Tragedy besets Arvin Russell (Tom Holland) throughout the film, which is set across two tumultuous decades immediately after World War II, in and around the town of Knockemstiff, Ohio. While Holland doesn’t always take centre stage, it’s his character that we follow from birth until he graduates high school. He grows into a man with a well-tuned moral compass and zero tolerance for bullies; he owes the latter to Willard, his dad, who Arvin once watched beat two impudent men near to death. Arvin is particularly protective over his sister, Lenora (Eliza Scanlen), who he adores immeasurably.
Three vile characters interact with Arvin at some point of the film’s chronology as part of their own subplots: The exploitative Reverand Preston Teagardin (Robert Pattinson), the corrupt Sherriff Lee Bodecker (Sebastian Stan) and a True Romance-esque couple (played by Jason Clarke and Riley Keough) with a penchant for bloody murder. And like all the Bickle clones before him it becomes the quest of little Arvin, beit God given or otherwise, to wash the filth from the streets or, in this case, from the backwoods. The film isn’t too convoluted but it is formally tangential, so be prepared for a little head scratching.

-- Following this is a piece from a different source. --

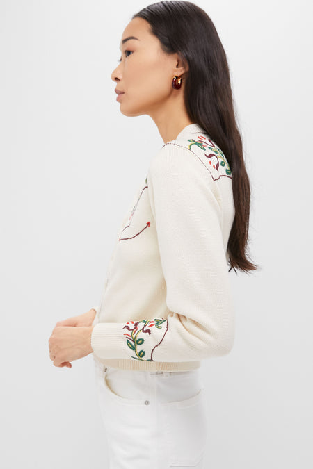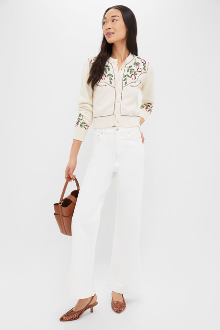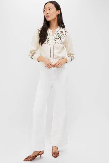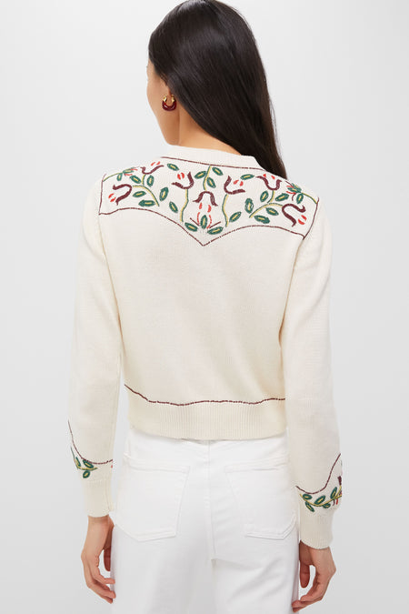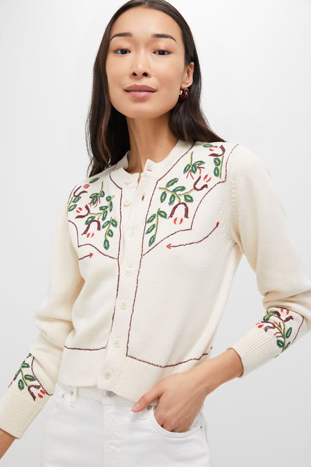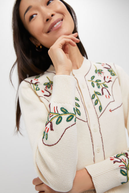 This chic style is adorned with hand-embroidered beading that creates a western floral yoke and sleeve cuff. The cardigan has a slightly shrunken fit with a crew neckline, a cropped length, tapered sleeves, and corozo buttons down the front placket for a classic, vintage look. Pair with denim skirts or pants and boots for an elevated cowgirl look!

You’ll tick off the biggest tropes of Southern Gothic very quickly, because despite admirable spirit, that’s all The Devil All The Time ever really is: a patchwork of genre tropes. There is seldom a scene without a cross, for example, beit around a character’s neck or mounted from a rusty nail. There are terrible fathers, too, not the least of whom is the drunken, dog murdering Willard, whose wartime experience with a gruesome crucifixion sets the film’s wearily bleak tone from the start. Symbolism can make for nice seasoning, but Campos clearly forgot to tighten the salt-shaker lid.
The film does try to make some profound points: The murderous couple, for example – taking pictures of their victims, labelled “models,” in the moment of their deaths – kill to feel closer to God. Based on the age old proverb that the eyes are the window to the soul, this is an interesting conceit in itself, but writer-director Antonio Campos and co-writer Paulo Campos neglect to take it any further; it’s nothing more than window dressing to the grotesque.
The Campos’ frequently skip over details in this manner; in one scene, a dog is ritualistically crucified as an offering to God but again, the gross-out factor is centred, as opposed to why such an act might have been performed. This superficiality carries throughout the film: The Devil All The Time is peppered with interesting ideas, but they’re poorly elucidated and rarely expanded on.
Robert Pattinson plays the nefarious Teagardin with a fantastic southern drawl and remarkable chutzpah. His performance is undoubtedly the best of the lot, and deserving of so much more than given: In abstract, Teagardin is just another creepy gothic priest, a composite of better written characters to come before him. In other words, he’s the afterbirth of Eli Sunday: They should’ve put him in a glass jar on the mantelpiece.
In many ways Teagardin is a great analogy for The Devil All The Time. The spectacle itself isn’t exactly unenjoyable; it’s melodramatic and quite engaging. But it’s also frustratingly derivative, and this quickly becomes grating. A genre piece is seldom good if it’s trying so aggressively to evoke past texts: It tries hard to be “Wise Blood,” but The Devil All The Time is more of an annoying dud.
The Devil All the Time premieres globally on Netflix September 16.